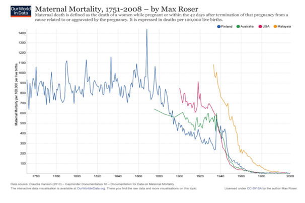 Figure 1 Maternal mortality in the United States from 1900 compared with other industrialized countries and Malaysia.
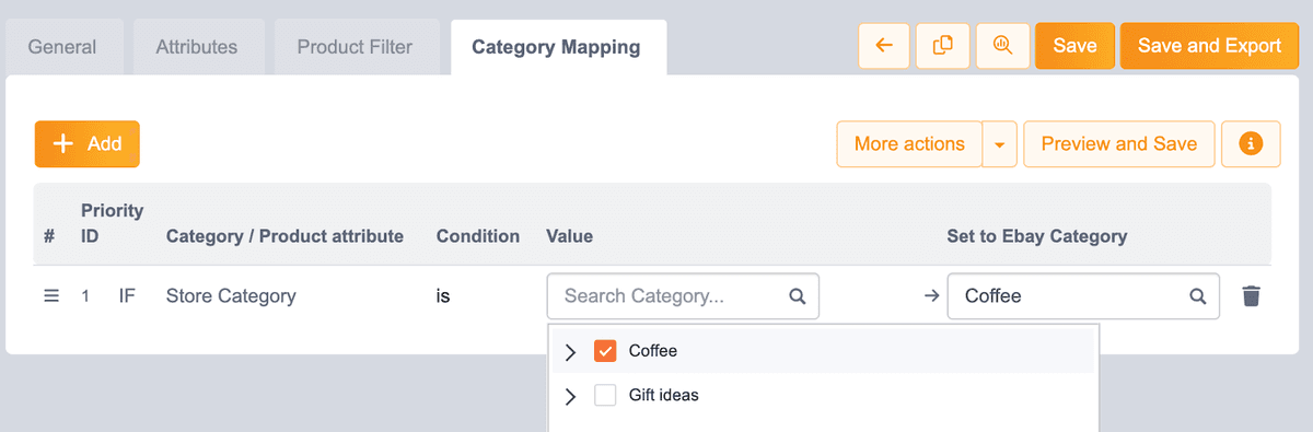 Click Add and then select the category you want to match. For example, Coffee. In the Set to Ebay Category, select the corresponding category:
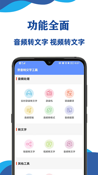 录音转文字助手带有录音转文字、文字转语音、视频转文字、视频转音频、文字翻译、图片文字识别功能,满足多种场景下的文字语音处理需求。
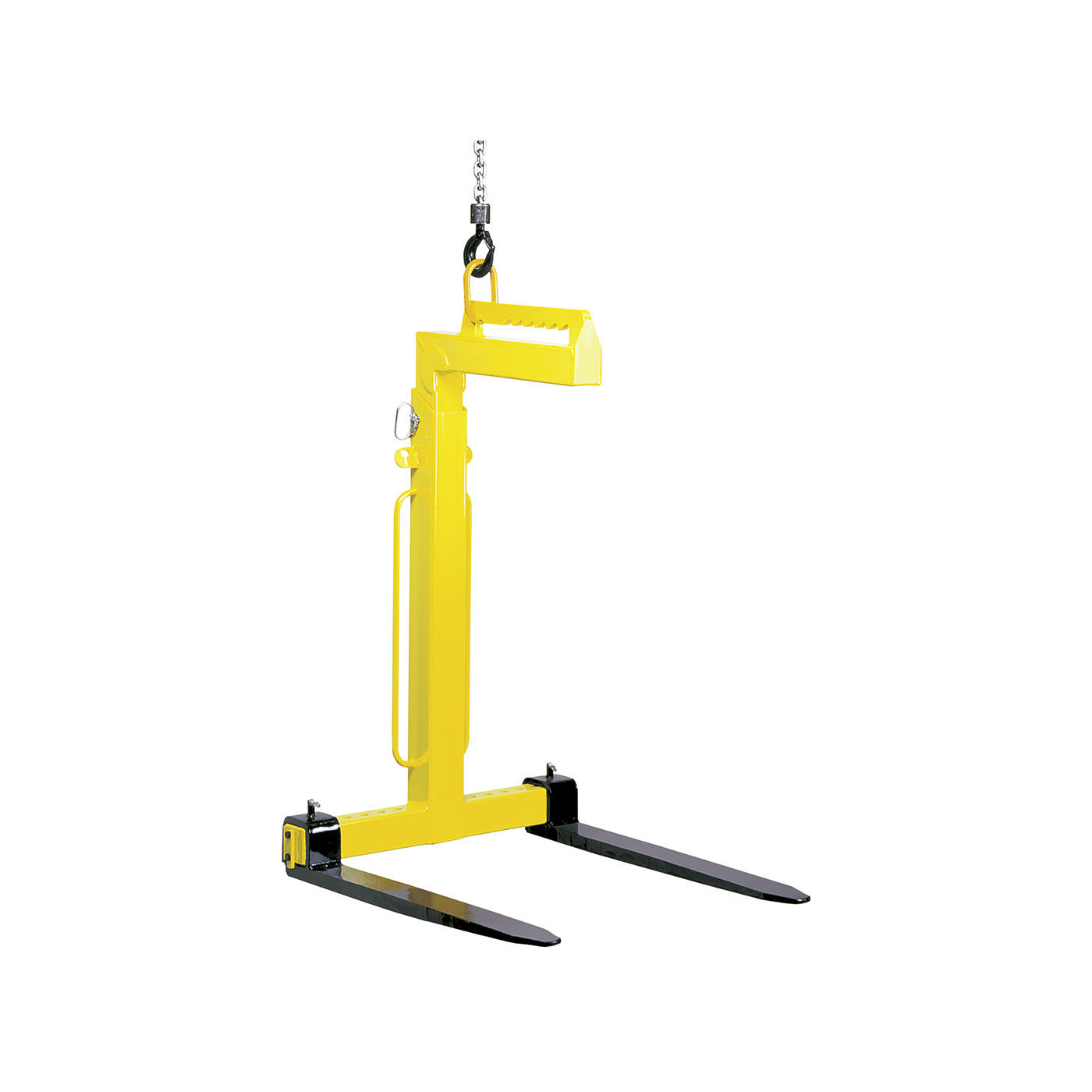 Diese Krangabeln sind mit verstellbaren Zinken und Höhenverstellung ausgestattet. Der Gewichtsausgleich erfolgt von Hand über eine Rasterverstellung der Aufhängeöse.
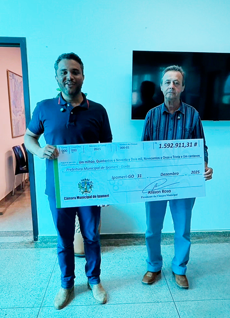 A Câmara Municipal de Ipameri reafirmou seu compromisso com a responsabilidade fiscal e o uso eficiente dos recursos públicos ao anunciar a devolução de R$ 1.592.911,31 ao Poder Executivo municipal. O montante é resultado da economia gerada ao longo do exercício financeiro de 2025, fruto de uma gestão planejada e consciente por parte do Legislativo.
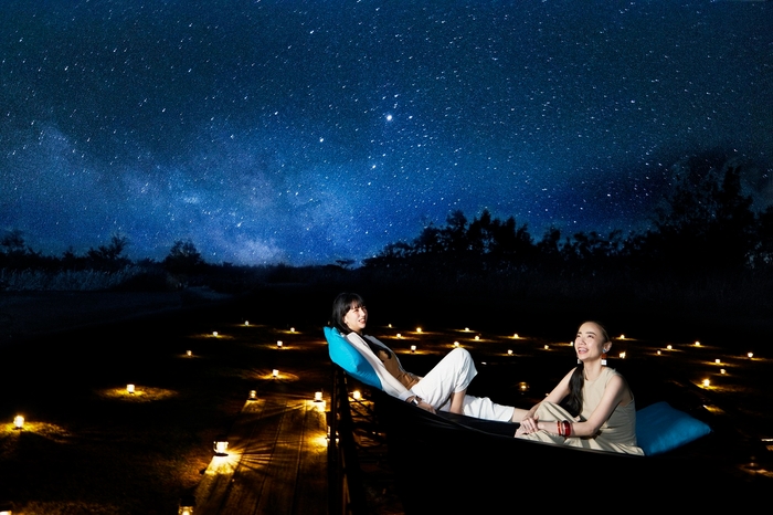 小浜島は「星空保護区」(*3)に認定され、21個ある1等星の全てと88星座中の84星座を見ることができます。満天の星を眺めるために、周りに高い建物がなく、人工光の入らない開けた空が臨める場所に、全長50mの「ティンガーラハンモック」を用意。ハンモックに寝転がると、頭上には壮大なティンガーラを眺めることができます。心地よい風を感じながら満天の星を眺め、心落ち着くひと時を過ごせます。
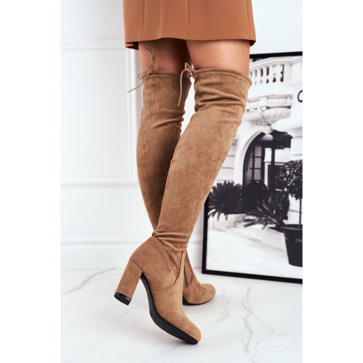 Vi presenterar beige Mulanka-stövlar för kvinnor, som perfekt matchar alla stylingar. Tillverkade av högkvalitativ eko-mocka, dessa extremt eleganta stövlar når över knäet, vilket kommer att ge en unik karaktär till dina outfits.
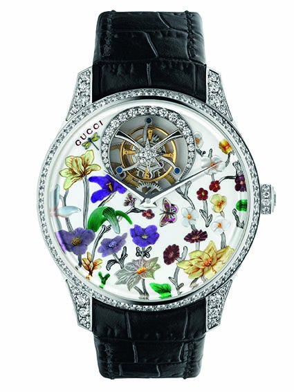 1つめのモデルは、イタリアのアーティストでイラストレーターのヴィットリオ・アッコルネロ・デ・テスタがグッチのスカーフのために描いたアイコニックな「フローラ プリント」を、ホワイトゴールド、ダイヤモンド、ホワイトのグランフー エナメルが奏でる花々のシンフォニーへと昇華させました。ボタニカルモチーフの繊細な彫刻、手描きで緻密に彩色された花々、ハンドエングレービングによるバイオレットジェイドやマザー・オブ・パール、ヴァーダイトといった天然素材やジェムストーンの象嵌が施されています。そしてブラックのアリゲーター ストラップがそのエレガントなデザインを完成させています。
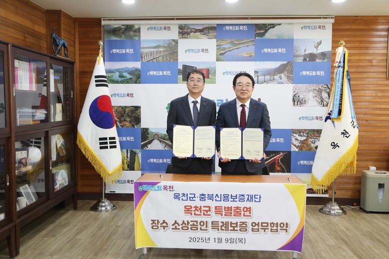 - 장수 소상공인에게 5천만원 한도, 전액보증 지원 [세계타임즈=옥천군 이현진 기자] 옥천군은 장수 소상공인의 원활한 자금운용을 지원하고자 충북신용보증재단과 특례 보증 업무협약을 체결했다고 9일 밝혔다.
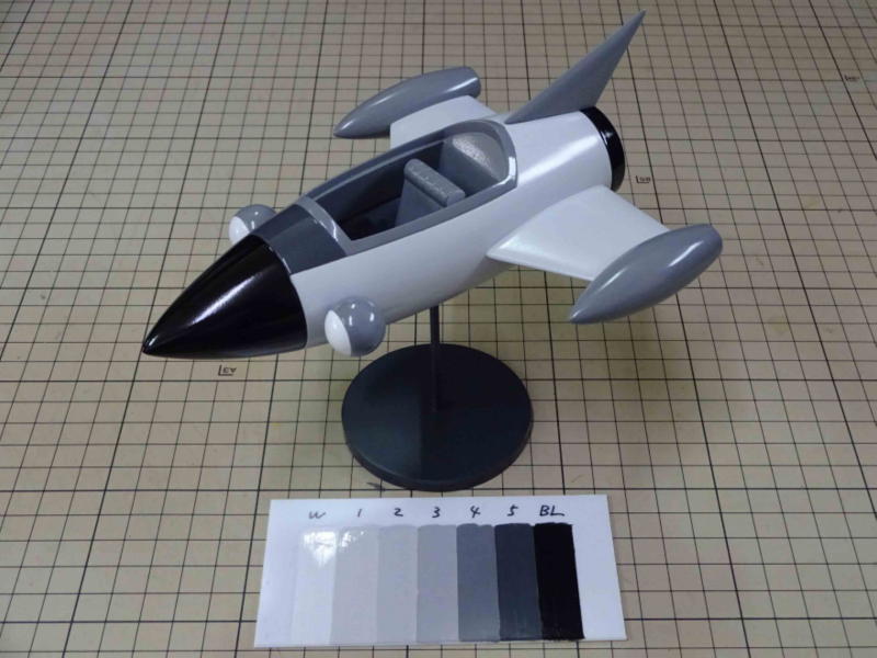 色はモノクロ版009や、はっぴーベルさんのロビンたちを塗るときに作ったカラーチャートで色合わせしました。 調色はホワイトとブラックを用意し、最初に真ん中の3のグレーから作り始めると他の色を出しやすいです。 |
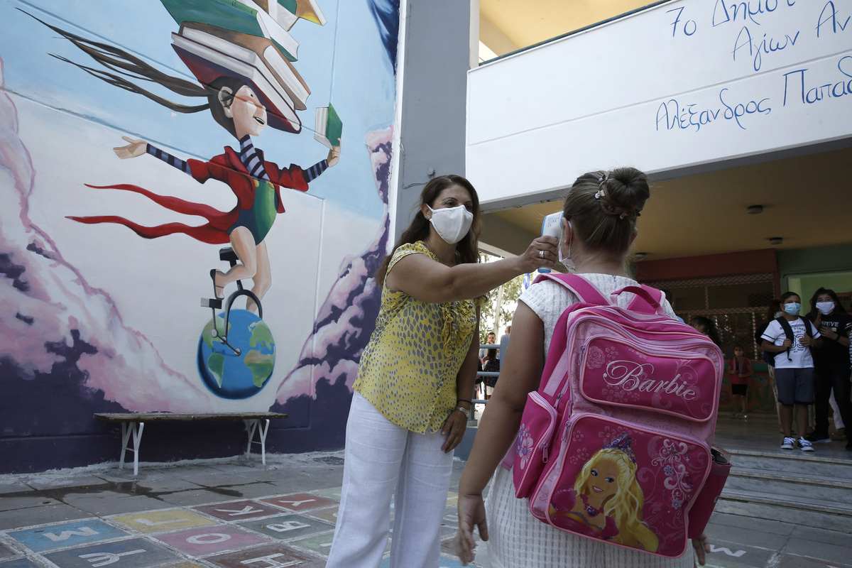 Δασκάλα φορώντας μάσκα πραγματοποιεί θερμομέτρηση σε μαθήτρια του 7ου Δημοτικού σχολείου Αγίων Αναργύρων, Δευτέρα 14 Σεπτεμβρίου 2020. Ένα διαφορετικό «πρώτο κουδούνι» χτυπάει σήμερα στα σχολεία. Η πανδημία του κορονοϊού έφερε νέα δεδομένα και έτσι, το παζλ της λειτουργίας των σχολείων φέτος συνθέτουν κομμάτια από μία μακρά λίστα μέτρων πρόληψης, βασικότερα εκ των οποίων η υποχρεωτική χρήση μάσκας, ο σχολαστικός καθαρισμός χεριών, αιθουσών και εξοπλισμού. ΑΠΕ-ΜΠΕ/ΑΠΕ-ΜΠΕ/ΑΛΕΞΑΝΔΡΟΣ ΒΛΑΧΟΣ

— WORK ITEM —
Across the whole listing, reproduce each line verbatim and exclude every picture.

— TASK SOLUTION —
 Figure 1 Maternal mortality in the United States from 1900 compared with other industrialized countries and Malaysia.
 Click Add and then select the category you want to match. For example, Coffee. In the Set to Ebay Category, select the corresponding category:
 录音转文字助手带有录音转文字、文字转语音、视频转文字、视频转音频、文字翻译、图片文字识别功能,满足多种场景下的文字语音处理需求。
 Diese Krangabeln sind mit verstellbaren Zinken und Höhenverstellung ausgestattet. Der Gewichtsausgleich erfolgt von Hand über eine Rasterverstellung der Aufhängeöse.
 A Câmara Municipal de Ipameri reafirmou seu compromisso com a responsabilidade fiscal e o uso eficiente dos recursos públicos ao anunciar a devolução de R$ 1.592.911,31 ao Poder Executivo municipal. O montante é resultado da economia gerada ao longo do exercício financeiro de 2025, fruto de uma gestão planejada e consciente por parte do Legislativo.
 小浜島は「星空保護区」(*3)に認定され、21個ある1等星の全てと88星座中の84星座を見ることができます。満天の星を眺めるために、周りに高い建物がなく、人工光の入らない開けた空が臨める場所に、全長50mの「ティンガーラハンモック」を用意。ハンモックに寝転がると、頭上には壮大なティンガーラを眺めることができます。心地よい風を感じながら満天の星を眺め、心落ち着くひと時を過ごせます。
 Vi presenterar beige Mulanka-stövlar för kvinnor, som perfekt matchar alla stylingar. Tillverkade av högkvalitativ eko-mocka, dessa extremt eleganta stövlar når över knäet, vilket kommer att ge en unik karaktär till dina outfits.
 1つめのモデルは、イタリアのアーティストでイラストレーターのヴィットリオ・アッコルネロ・デ・テスタがグッチのスカーフのために描いたアイコニックな「フローラ プリント」を、ホワイトゴールド、ダイヤモンド、ホワイトのグランフー エナメルが奏でる花々のシンフォニーへと昇華させました。ボタニカルモチーフの繊細な彫刻、手描きで緻密に彩色された花々、ハンドエングレービングによるバイオレットジェイドやマザー・オブ・パール、ヴァーダイトといった天然素材やジェムストーンの象嵌が施されています。そしてブラックのアリゲーター ストラップがそのエレガントなデザインを完成させています。
 - 장수 소상공인에게 5천만원 한도, 전액보증 지원 [세계타임즈=옥천군 이현진 기자] 옥천군은 장수 소상공인의 원활한 자금운용을 지원하고자 충북신용보증재단과 특례 보증 업무협약을 체결했다고 9일 밝혔다.
 色はモノクロ版009や、はっぴーベルさんのロビンたちを塗るときに作ったカラーチャートで色合わせしました。 調色はホワイトとブラックを用意し、最初に真ん中の3のグレーから作り始めると他の色を出しやすいです。 |
 Δασκάλα φορώντας μάσκα πραγματοποιεί θερμομέτρηση σε μαθήτρια του 7ου Δημοτικού σχολείου Αγίων Αναργύρων, Δευτέρα 14 Σεπτεμβρίου 2020. Ένα διαφορετικό «πρώτο κουδούνι» χτυπάει σήμερα στα σχολεία. Η πανδημία του κορονοϊού έφερε νέα δεδομένα και έτσι, το παζλ της λειτουργίας των σχολείων φέτος συνθέτουν κομμάτια από μία μακρά λίστα μέτρων πρόληψης, βασικότερα εκ των οποίων η υποχρεωτική χρήση μάσκας, ο σχολαστικός καθαρισμός χεριών, αιθουσών και εξοπλισμού. ΑΠΕ-ΜΠΕ/ΑΠΕ-ΜΠΕ/ΑΛΕΞΑΝΔΡΟΣ ΒΛΑΧΟΣ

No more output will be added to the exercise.